Летние «народные» маскарады в Александрии стали доброй традицией – без них уже невозможно было представить дня рождения Императрицы, обожавшей такие праздники. Маскарады любил и сам Николай. Если балы были для него ничем иным, как тягостным исполнением долга, то веселые маскарады, на которых собиралась самая разнообразная публика, и исчезали грани между сословиями, чинами – истинным удовольствием. Здесь простая горничная, скрывшись под маской, могла свободно заговорить с самим Царем. Такая демократичность с одной стороны развлекала Николая, любившего веселые шутки и внимание хорошеньких женщин. С другой - давала ему возможность узнать от «масок» много любопытных вещей, в том числе таких, какие весьма полезно знать монарху, дабы помочь нуждающимся, восстановить попранную справедливость, призвать к ответу виновных. Эту возможность ценил он особенно, выступая в роли Гаруна аль-Рашида.
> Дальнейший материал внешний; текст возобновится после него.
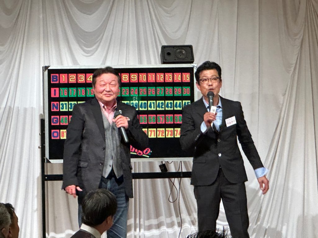 B-1グランプリin四日市の報告があり、大好評のイベント『ビンゴゲーム』今年の1等3万円は強運の持ち主 井上雅文会員がゲット!からの宝くじ争奪じゃんけん。総取りはいつもお世話になっているホテルスタッフさんでした。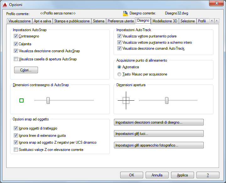 Imposta le opzioni per diverse funzioni di modifica, tra cui AutoSnap e AutoTrack.
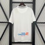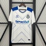 A camisa do CD Tenerife na temporada 2025/2026, modelo Home, destacou-se por unir tradição e inovação em um design harmonioso. Predominantemente branca, a peça trouxe um elegante padrão de cruz — inspirado na bandeira e no brasão da ilha — composto por camadas de linhas em gradação azul, criando profundidade e um efeito visual marcante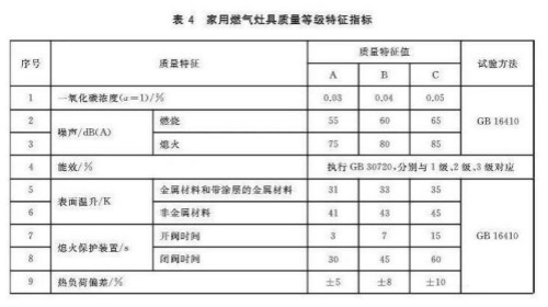 標(biāo)準(zhǔn)列出了具體產(chǎn)品如家用燃?xì)庠罹?、燃?xì)鉄崴鞯鹊馁|(zhì)量等級特征指標(biāo)。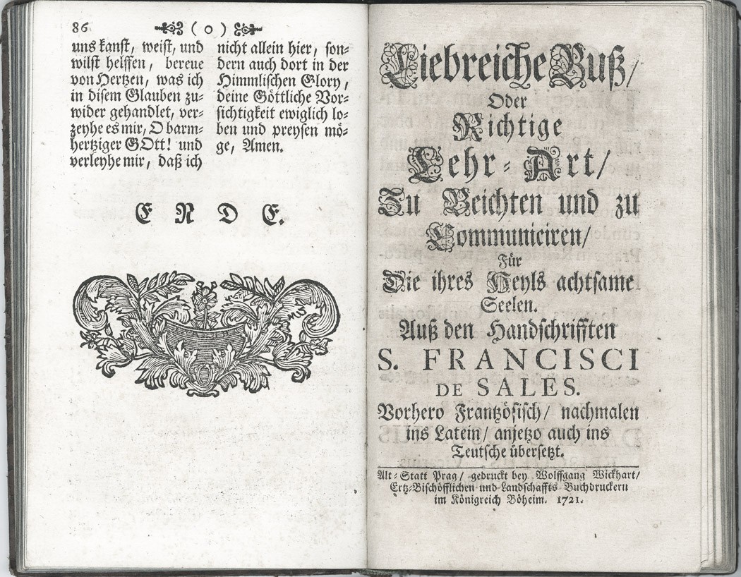 - přívazek : Liebreiche Buß/ Oder Richtige Lehr-Arth Zu beichten und zu communicieren, vor die ihres Heyls achtsame Seelen : Auß denen Hand-Schrifften S. Francisci De Sales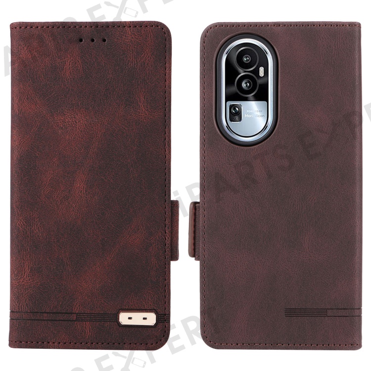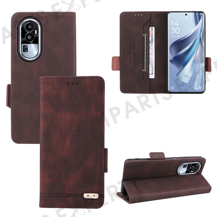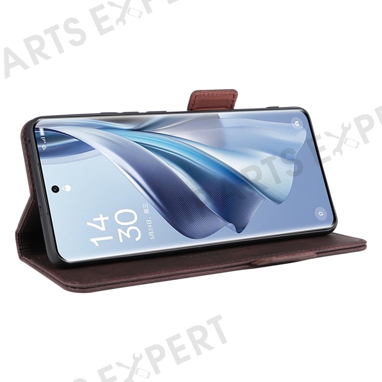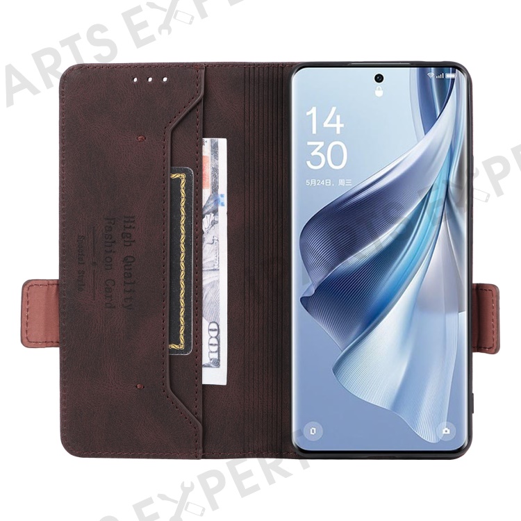 For Oppo Reno10 Pro 5G (Global) Hardware Decor Phone Case PU Leather Wallet Stand Cover - Coffee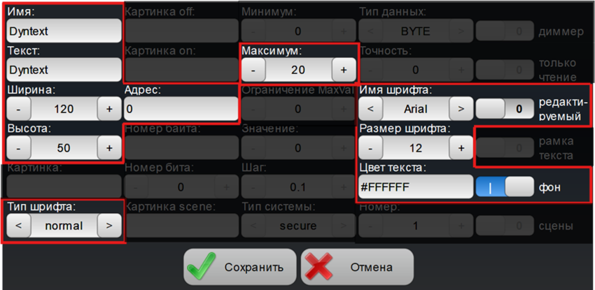 Данный элемент считывает с ModbusTCP 8 байт с указанного адреса и отображает 8 символов ASCII в поле текста. Также есть возможность записи текста в память ModbusTCP сервера. Все символы после завершения строки записываются нулями в указанную область. Символы записываются в виде байт значений в ASCII коде. Запись происходит при нажатии кнопки “Запись” (Свойство – редактируемый вкл.).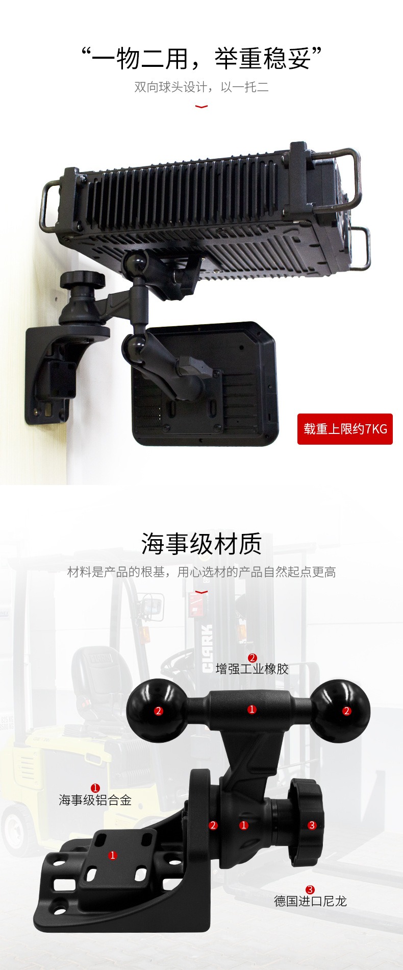 祈色维恩挂载横臂车载双1.5英寸双球头扩展支架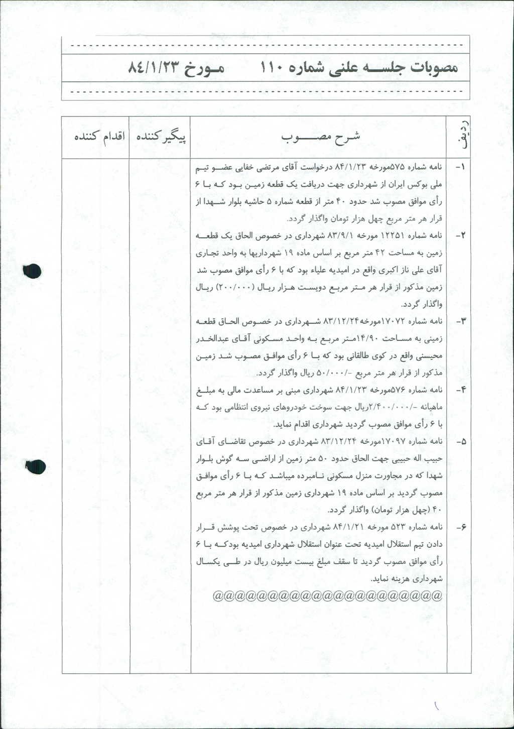 ۴-نامه شماره ۵۷۶مورخه ۲۳/ ۱/ ۸۴ شهرداري مبني بر مساعدت مالي به مبلغ ماهيانه-/۰۰۰/ ۴۰۰/ ۲ريال جهت سوخت خودروهاي نيروي انتظامي بود كه با ۶ رأي موافق مصوب گرديد شهرداري اقدام نمايد.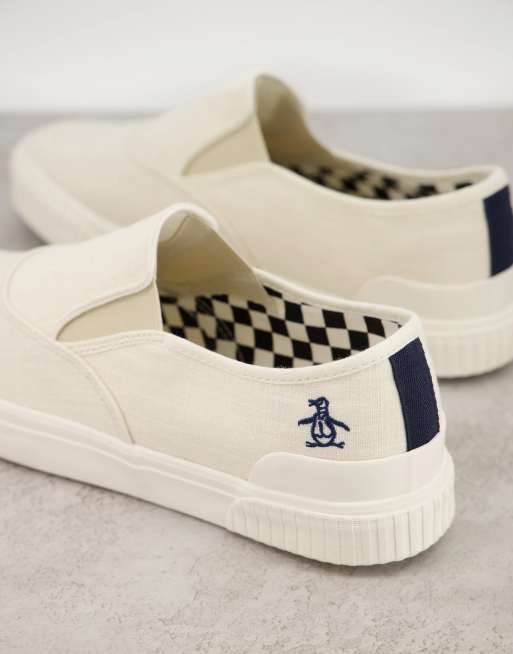 Buy Original Penguin Mens Sabre Slip On Canvas Pumps Black White Sole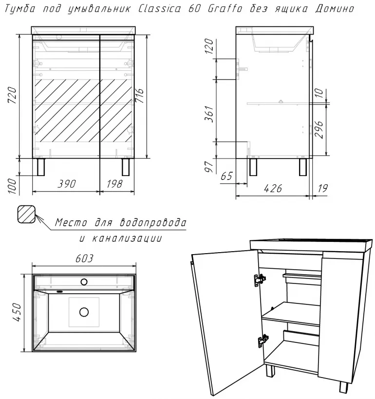 Характеристики товара Тумба-умывальник напольный Домино Graffo 60 светло-серый DGr2419T+4627173210164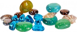 Im Block finden Sie glatte, glänzende Steinchen in Blau-, Grün- und Bernsteintönen sowie kleine Muscheln. Jedes Stück ist ein Unikat.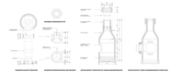 Da die neuen Duschen nicht mehr mit den früher üblichen Handräder auszustatten waren, sondern mit selbstschliessenden Drückerventilen, mussten komplexe Spezialkomponenten hergestellt werden, welche im Innern der rekonstruierten Reduktionen millimetergenau zusammen-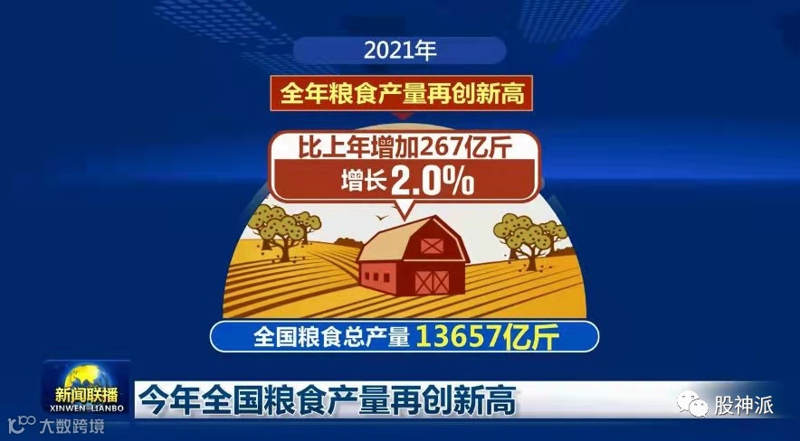 2021年全国粮食总产量13657亿斤,再创历史新高,比上年增加267亿斤,增长2.0%,连续7年保持在1.3万亿斤以上。粮食播种面积连续两年增加,全国粮食播种面积17.64亿亩,比上年增加1295万亩,增长0.7%。全国猪牛羊禽肉产量8887万吨,比上年增加1248万吨,增长16.3%。猪肉产量大幅增长,牛羊禽肉产量稳定增长,牛奶产量较快增长,禽蛋产量有所减少。受能耗双控和坚决遏制“两高”项目盲目发展政策、同期基数抬升等因素影响,能源消费增速呈逐季回落态势。全年能源消费总量比上年增长5.2%,增速比一季度、上半年、前三季度分别回落9.4个、5.3个、2.1个百分点;两年平均增长3.7%。占全社会能源消费六成以上的规模以上工业能源消费增长3.5%,比一季度、上半年、前三季度分别回落11.0个、6.6个、2.5个百分点。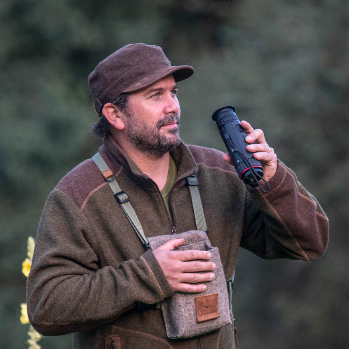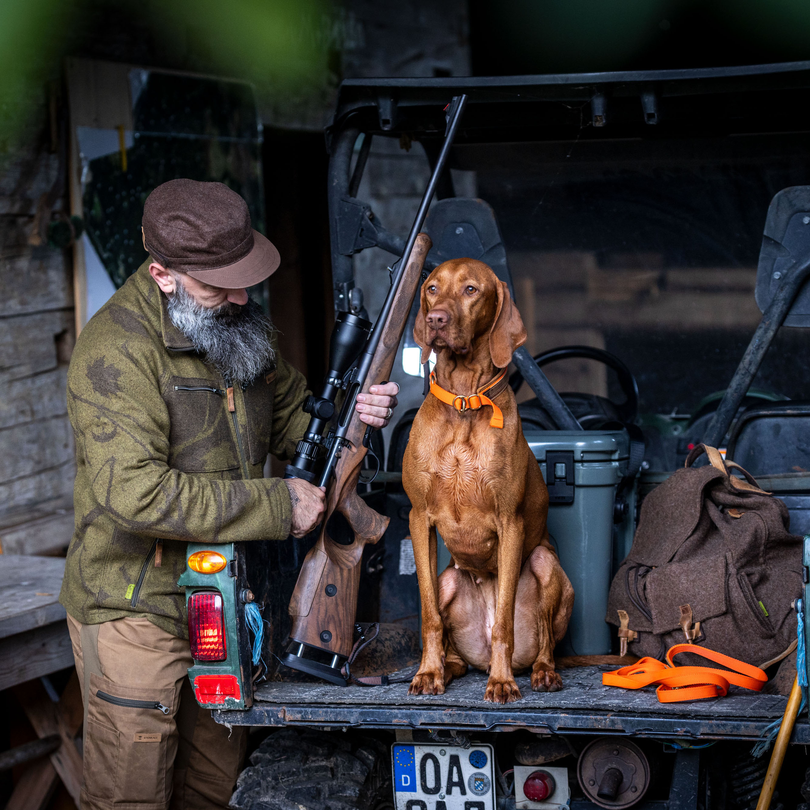 Die hervorragenden Klimaeigenschaften des Tuchlodens sind gleich dreifach sinnvoll: Er ist feuchtigkeitsregulierend, atmungsaktiv und temperaturausgleichend. Der formbare Schirm hält Sonnenstrahlen genauso gut fern, wie er Mondlicht abschattet, so dass immer ein klarer Blick durch Fernglas und Zielfernrohr gewährleistet ist.

Впрочем, от Гаруна Николая отличало то, что в России переряжены на маскарадах были лишь дамы, мужчины же обязаны были носить домино (офицеры – мундир без шпаги) и не скрывать лиц под масками. Посему Государь оставался Государем и на маскараде, а его тайными информаторами выступали исключительно женщины.
Простой люд, допускаемый в царские чертоги, испытывал сперва некоторую робость. Простые мещане, мужики могли созерцать убранство дворца, вкушать разнообразные угощения, недостатка в которых не было, а, главное, видеть совсем рядом своего Царя и Царицу. Последняя часто бывала одета в русский сарафан, очень шедший ей, и считала весьма важным такой непосредственный контакт с народом.
Конечно, не обходилось и без курьезов. То слишком напирала толпа на буфеты, то тащили угощения со стола, что, конечно, было весьма извинимо. Однажды кто-то пытался отломить «на память» арматурное украшение. Впрочем, что желать от простолюдинов, если апельсин или конфетку в подарок для детей с царского стола норовили унести со стола даже сановники?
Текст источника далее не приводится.